Water./Courtesy of pixabay

A domestic research team has experimentally confirmed, for the first time in the world, a clue to solving water's oldest mystery. They observed for the first time that water can switch between two distinct liquid states and that the point where the boundary between them disappears exists around minus 60 degrees Celsius.

The Ministry of Science and ICT said on the 27th that a research team led by Professor Kim Kyung-hwan at Pohang University of Science and Technology POSTECH, together with a team led by Professor Anders Nilsson at Stockholm University in Sweden, has observed water's "liquid–liquid critical point" for the first time in the world. The findings were published the same day in the international journal Science.

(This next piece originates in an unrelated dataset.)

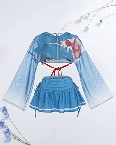 • 🏖3 PIECE BIKINI SET BATHING SUIT:The anime bathing suit comes with a cross back bikini top, high waist bikini bottom with skirt, Gawr Gura Swimsuit Cover Up.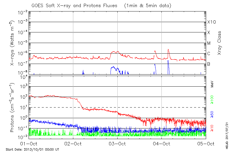 This page provides light-curves generated from GOES soft X-ray and Particle data for the date indicated at the top and the preceding three days.

Water is the most common and important substance, but it is also considered the hardest to understand. Density is a prime example. Most liquids become denser as the temperature drops and their molecules pack more tightly, but water becomes most compact at 4 degrees Celsius and then, as it gets colder, turns looser instead. Rivers and lakes freeze from the surface down rather than from the bottom up in winter because of this property. Colder water at the surface is lighter and stays on top, and as the top freezes first, liquid water remains below.

To explain these unique properties of water, scientists have proposed a hypothesis for about 30 years. Water is not a single uniform liquid but can switch between a high-density liquid state, where molecules are packed more tightly, and a low-density liquid state, where they are arranged more loosely. According to this hypothesis, as water cools it first becomes denser like other liquids, but below a certain temperature the proportion of the low-density state begins to grow. Based on this, it becomes possible to explain why the overall density peaks around 4 degrees Celsius and then decreases again at lower temperatures.

The crux of testing this hypothesis was whether a liquid–liquid critical point actually exists. At very low temperatures and high pressures, the two liquid states are distinctly separated, but at a certain temperature and pressure, the boundary between them disappears and they appear as a single liquid—this point is called the liquid–liquid critical point.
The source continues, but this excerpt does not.